Being a student at a Bible college, it is really easy to become flippant about the Bible. Or worse, to become dogmatic about minor points. Both of these rob joy from the life of the hungering soul. My prayers have been against this.
Instead, my prayer has been "Lord, reveal Yourself to me as I study... Help me find You in the midst of writing this paper... reading this chapter... studying this passage..." It is absolutely amazing when this begins to happen.
I didn't realize the depth of God's answer to my prayers until yesterday. I was meeting with one of my profs - a brilliant mind who I respect immeasurably - and he asked me why I was interested in Ezra. I'm not even sure why he asked this question; he knew I was writing a paper on Ezra. But I answered him anyway.
It started with a paper. But its not even about the paper anymore. Its... personal now. I want to understand it and I'm not going to be satisfied until I have a grip on it.

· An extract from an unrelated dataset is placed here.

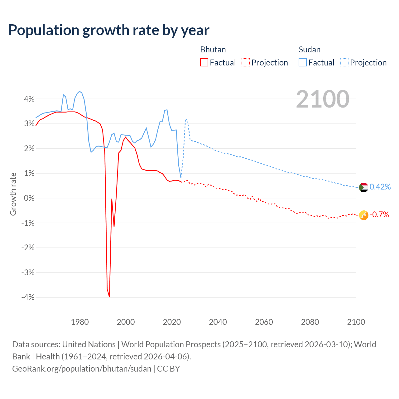 - For the last 10 years, Bhutan has had an average growth rate of +0.8% per year vs +2.67% in Sudan.

Turns out, I will write a paper on Ezra. A 15-page or longer commentary in which I examine the text without the aid of a commentary. In that paper I will present all the problems (or rather the questions) that arise in Ezra. But I will refrain from drawing any conclusions. The conclusions are my own. And, to be truthful, I will need more time to develop my conclusions.
I'm sure those conclusions will come out. They'll probably be a vital part of my application paper on Ezra (a separate paper which comes a week later). But the prayer is coming true before my eyes... and its so much better than anything I could have dreamed.